You get the point. Everyone thinks that their, or their client’s, product is amazing. However, it’s important to set your pitch apart from everybody else’s. The most effective way to do this is to tell your story. Instead of saying you’re great, say why you’re great.

A pitch that tells the human side of a business’s story – its rise to success, its fumbles, a funny anecdote – is much more likely to garner attention. While many companies turn to PR agencies for support, Communications Week’s inaugural sessions provided tips for startups and founders on DIY PR. Remember that refining your story through a succinct email to a journalist is one of the first steps in garnering media coverage.

Expand Your Scope of Media Targets

We now live in an age where media is consumed through a plethora of channels. To get your message across, it’s vital to create a content-driven ecosystem that effectively reaches and engages with consumers in the omnichannel universe we live in. The most adept framework for how PR professionals should go about reaching audiences across a variety of channels is the PESO (paid, earned, shared, owned) model. Utilizing your earned media across paid, shared and owned media helps bring increased optimization and engagement.

In addition to driving earned media, one of the best ways to create buzz for a story over which you have full control is to create your own content. This could mean anything from whitepapers, to blog posts, to annual reports. In addition to hosting content on your own site, you’ll find that many blogs are now also publishers that are open to hosting external content. Take advantage of this. There are a seemingly endless list of blogs that are open to contributions, so apply to as many as you can!

While video killed the radio star (and then Youtube arguably killed the video star), the podcast star is as alive as it’s ever been. There are countless podcasts, both large and small, that cover almost every genre, sub-genre, and sub-sub-genre imaginable. More importantly, podcasts are gaining popularity at a surprising rate. Some shows boast hundreds of thousands of loyal listeners, so it’s important to approach them all.

Another great way to influence public perception is to actually be in the public. One of the most effective ways to do this is to speak at as many events as possible. Again, just like with Podcasts and Blogs, sometimes less is more here. While a speaking opportunity at a top-3 conference is a great honor, you may find that a group of fifty people with a specialized interest in your industry may be more impacted than a group of 2,000 who barely know who you are.

Provide valuable PR measurements

With a variety of new, exciting and unique PR opportunities comes a variety of reporting techniques.

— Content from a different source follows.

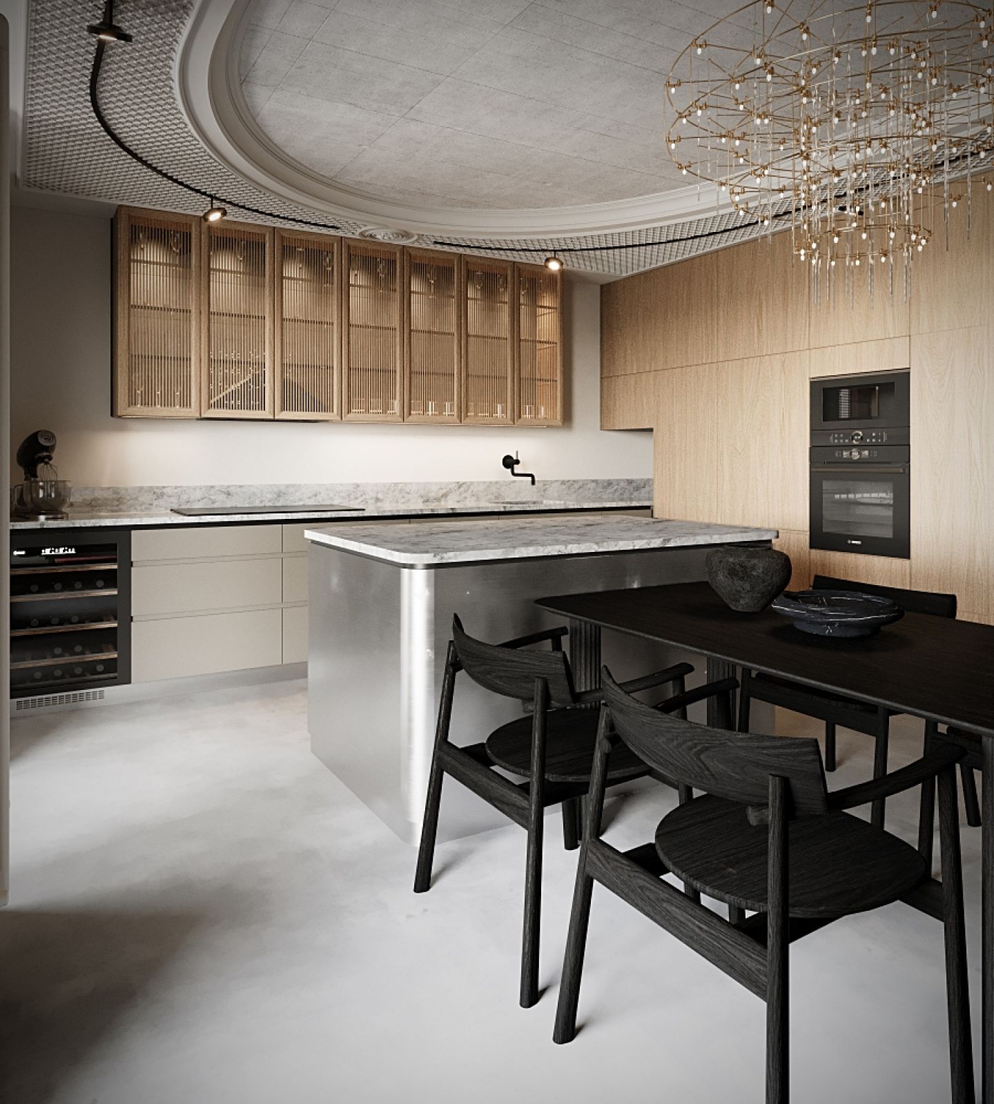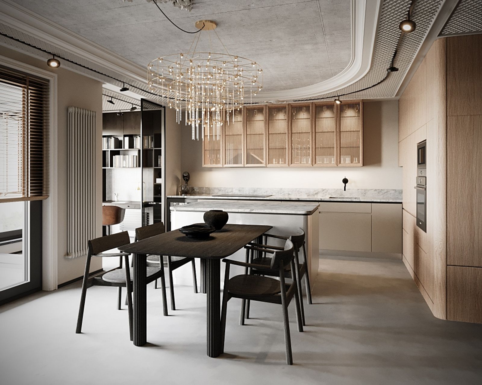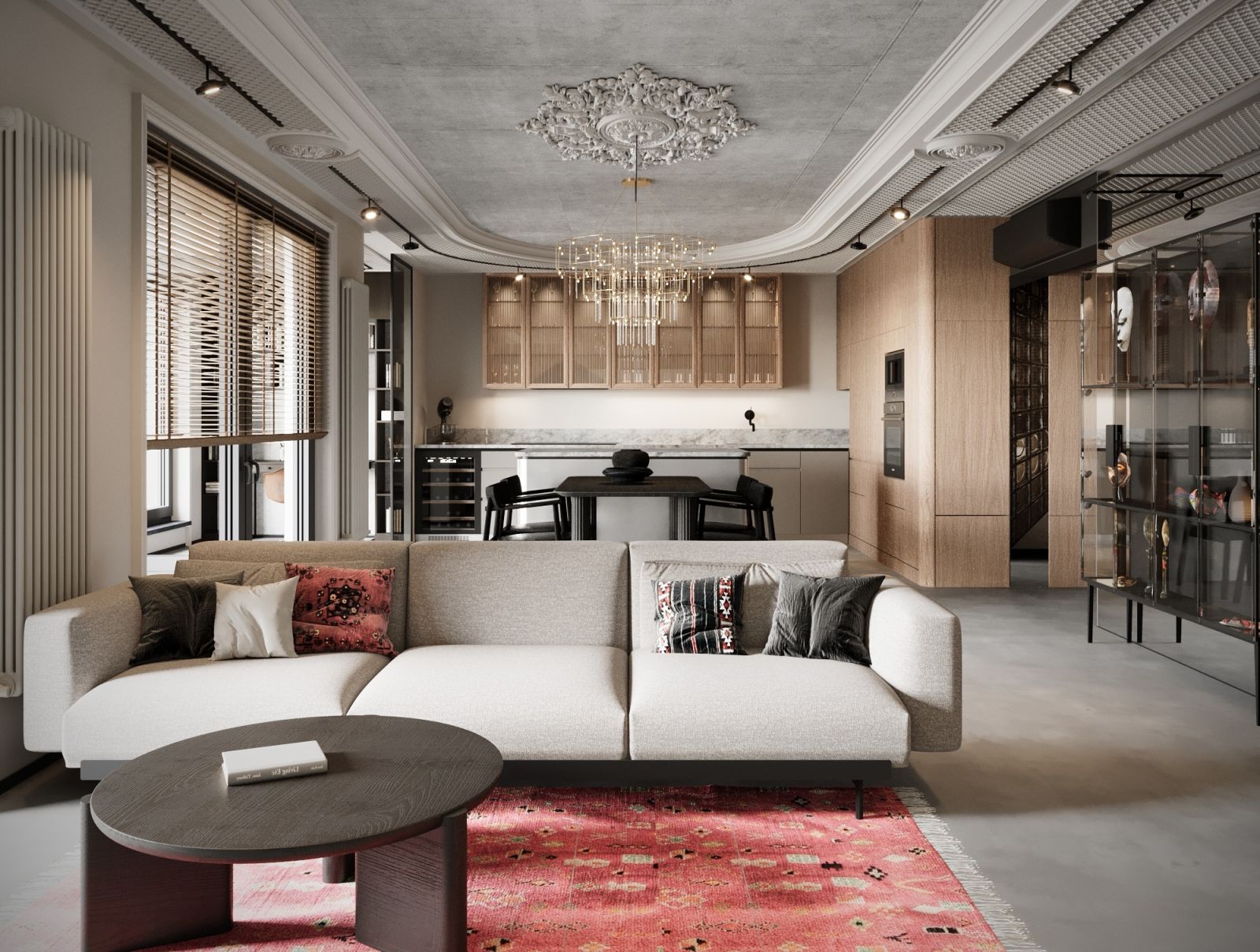 Najbardziej spektakularnym punktem jest salon połączony z kuchnią i jadalnią, w którym uwagę przykuwa sufit – wyjątkowo bogato zdobiony sztukaterią, uzupełniony dekoracyjnym żyrandolem. Te misterne elementy zostały wyeksponowane na tle z betonu architektonicznego. Niespodziewany kontrast estetyczny sprawia, że wzrok zatrzymuje się tu na dłużej. Industrialnych inspiracji dopełnia podłoga z mikrocementu.

Simply using the old method of Advertising Value Equivalents (AVEs) as a measure of success doesn’t cut it anymore.

Outputs measure the general reach of your PR program. So depending on the medium, would include number of articles shares, share of voice, tonality and total reach. We break up output measurements into Media Pickup (Total Clips & Social Shares per Article), Media Tone, and Outlet Ranking.

Outcomes measure equal behavior and perceptions that result from PR activities. This can be done by adding to your new business survey and or follow-up communications that are sent out by your sales teams when winning new business to measure whether the PR activity is affecting audience change.

Lastly, business results impact your business goals and could include revenue, contracts closed, employee retention and purchasing intentions.

While this is an exciting time for PR, with more and more emerging technologies reshaping the ways we communicate, it’s important to keep in mind the tried-and-true tactics of traditional PR and how we can best adapt them in the evolving landscape the industry is in.

About the Author: Tiffany Guarnaccia is the founder and CEO of Kite Hill PR. Tiffany has over a decade of media relations experience in both agency and in-house positions. Recognized as one of PR News’ Women to Watch in public relations, Tiffany has a passion for communications. She is also the founder of the first industry week dedicated to serving those in, and interested in, the PR, media and communications industry, Communications Week.